Abstract
Background: As older adults (65+) are the age cohort most likely to be diagnosed with cancer and women tend to live longer than men, many cancer survivors are older females. However, older female survivors are an understudied group. Lifestyle behaviors such as maintaining a healthy diet have been shown to promote disease- free survivorship and improve health-related quality of life (HRQoL). Moreover, socioeconomic factors (e.g. income, education) have been shown to influence survivors’ lifestyle behaviors and long-term health outcome. However, socioeconomic factors that influence the diet quality of older female survivors have been greatly understudied in this population. This study sought to examine the influence of socioeconomic factors on the nutritional intake of older female survivors, while also investigating disparities in HRQoL and self-rated health.

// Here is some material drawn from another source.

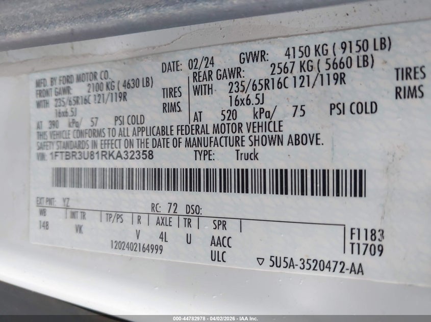 • 1FTBR3U81RKA32358
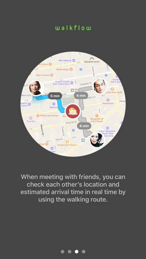 You can use WalkFlow in a various ways. You can check the current locations of your friends. Or you can check the real-time location of your friends through the walking route to the meeting spot.

Methods: Older women, with all cancer types and stages, who completed primary cancer treatment (i.e., chemotherapy, surgery, radiation) within the past five years, were eligible to participate. Older female survivors completed one-time surveys to assess HRQoL (RAND-36), body mass index (BMI), diet quality (Diet History Questionnaire II), and self-rated health. Demographic information and medical record data were also collected. Diet History Questionnaire II results were converted to 2015-2020 Healthy Eating Index (HEI) scores. Descriptive analyses, correlations, and stepwise linear regressions were utilized. Results: Participants (n=171) were, on average, 72.72 ±7.40 years old, and the majority were white (90.0%), had a household income between $20,000 and $100,000 (53.8%), completed at least a bachelor’s degree (54.7%), and were breast cancer survivors (68.0%). Mean BMI was 27.71±6.20 (overweight) with 63.7% of the participants being overweight or obese. Participant’s average physical and mental HRQoL composite scores were 41.94±10.50 and 48.47±7.18, respectively, out of 100. The mean HEI-2015 score of participants was 66.54±10.01, out of 100. Having higher educational attainment (β=0.417, p=0.032) and greater physical HRQoL (β=0.430, p=0.028) was associated with higher HEI scores. Having higher educational attainment (β=0.574, p=0.004) was also associated with higher mental HRQoL, and higher physical HRQoL (β=0.679, p<0.001) was associated with better self-rated health. Conclusions: Older female cancer survivors were found to have poor diet quality and high rates of being overweight or obese. Nutritional intake and HRQoL were found to be interrelated and associated with educational attainment. Results indicate the need for nutritional screening and consulting during cancer survivorship. Tailored lifestyle interventions, considering socioeconomic status, may improve the diet quality of older female survivors and help prevent chronic disease, mitigate treatment effects, and improve HRQoL in this underserved population.
Citation Format: Christian Stephens, Jill Clutter, Jessica Krok-Schoen. The relationship between socioeconomic status and nutritional intake in older female cancer survivors [abstract]. In: Proceedings of the AACR Virtual Conference: Thirteenth AACR Conference on the Science of Cancer Health Disparities in Racial/Ethnic Minorities and the Medically Underserved; 2020 Oct 2-4. Philadelphia (PA): AACR; Cancer Epidemiol Biomarkers Prev 2020;29(12 Suppl):Abstract nr PO-081.